> _EXERCISE DESCRIPTION_
Retype the full set of records. Keep every character identical.

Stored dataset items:

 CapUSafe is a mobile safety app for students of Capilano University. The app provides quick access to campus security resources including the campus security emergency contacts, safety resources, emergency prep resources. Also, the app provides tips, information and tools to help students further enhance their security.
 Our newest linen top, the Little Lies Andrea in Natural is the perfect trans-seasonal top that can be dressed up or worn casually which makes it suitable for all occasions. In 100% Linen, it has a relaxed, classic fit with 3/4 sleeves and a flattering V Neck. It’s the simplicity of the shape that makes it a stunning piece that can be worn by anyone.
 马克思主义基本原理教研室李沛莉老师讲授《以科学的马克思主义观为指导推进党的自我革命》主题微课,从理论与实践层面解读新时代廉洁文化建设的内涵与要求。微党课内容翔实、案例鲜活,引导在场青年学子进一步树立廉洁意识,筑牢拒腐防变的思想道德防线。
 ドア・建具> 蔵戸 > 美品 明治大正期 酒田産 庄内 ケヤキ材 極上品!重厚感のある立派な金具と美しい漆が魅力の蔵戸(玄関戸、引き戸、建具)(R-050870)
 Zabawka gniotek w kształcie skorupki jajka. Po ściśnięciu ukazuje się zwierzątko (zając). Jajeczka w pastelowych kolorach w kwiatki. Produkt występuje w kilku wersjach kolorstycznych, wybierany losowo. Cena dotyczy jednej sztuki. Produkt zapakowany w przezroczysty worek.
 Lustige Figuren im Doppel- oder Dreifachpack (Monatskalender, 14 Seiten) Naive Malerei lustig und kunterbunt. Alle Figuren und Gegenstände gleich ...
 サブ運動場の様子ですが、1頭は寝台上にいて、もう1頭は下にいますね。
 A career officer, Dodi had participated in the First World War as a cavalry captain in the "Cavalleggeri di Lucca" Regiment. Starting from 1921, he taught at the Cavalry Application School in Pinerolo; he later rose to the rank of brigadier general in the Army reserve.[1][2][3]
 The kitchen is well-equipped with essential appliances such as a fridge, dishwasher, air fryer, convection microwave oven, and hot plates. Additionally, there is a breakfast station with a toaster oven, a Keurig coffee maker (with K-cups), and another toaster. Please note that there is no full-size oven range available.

> _OUTPUT OF THE EXERCISE_
 CapUSafe is a mobile safety app for students of Capilano University. The app provides quick access to campus security resources including the campus security emergency contacts, safety resources, emergency prep resources. Also, the app provides tips, information and tools to help students further enhance their security.
 Our newest linen top, the Little Lies Andrea in Natural is the perfect trans-seasonal top that can be dressed up or worn casually which makes it suitable for all occasions. In 100% Linen, it has a relaxed, classic fit with 3/4 sleeves and a flattering V Neck. It’s the simplicity of the shape that makes it a stunning piece that can be worn by anyone.
 马克思主义基本原理教研室李沛莉老师讲授《以科学的马克思主义观为指导推进党的自我革命》主题微课,从理论与实践层面解读新时代廉洁文化建设的内涵与要求。微党课内容翔实、案例鲜活,引导在场青年学子进一步树立廉洁意识,筑牢拒腐防变的思想道德防线。
 ドア・建具> 蔵戸 > 美品 明治大正期 酒田産 庄内 ケヤキ材 極上品!重厚感のある立派な金具と美しい漆が魅力の蔵戸(玄関戸、引き戸、建具)(R-050870)
 Zabawka gniotek w kształcie skorupki jajka. Po ściśnięciu ukazuje się zwierzątko (zając). Jajeczka w pastelowych kolorach w kwiatki. Produkt występuje w kilku wersjach kolorstycznych, wybierany losowo. Cena dotyczy jednej sztuki. Produkt zapakowany w przezroczysty worek.
 Lustige Figuren im Doppel- oder Dreifachpack (Monatskalender, 14 Seiten) Naive Malerei lustig und kunterbunt. Alle Figuren und Gegenstände gleich ...
 サブ運動場の様子ですが、1頭は寝台上にいて、もう1頭は下にいますね。
 A career officer, Dodi had participated in the First World War as a cavalry captain in the "Cavalleggeri di Lucca" Regiment. Starting from 1921, he taught at the Cavalry Application School in Pinerolo; he later rose to the rank of brigadier general in the Army reserve.[1][2][3]
 The kitchen is well-equipped with essential appliances such as a fridge, dishwasher, air fryer, convection microwave oven, and hot plates. Additionally, there is a breakfast station with a toaster oven, a Keurig coffee maker (with K-cups), and another toaster. Please note that there is no full-size oven range available.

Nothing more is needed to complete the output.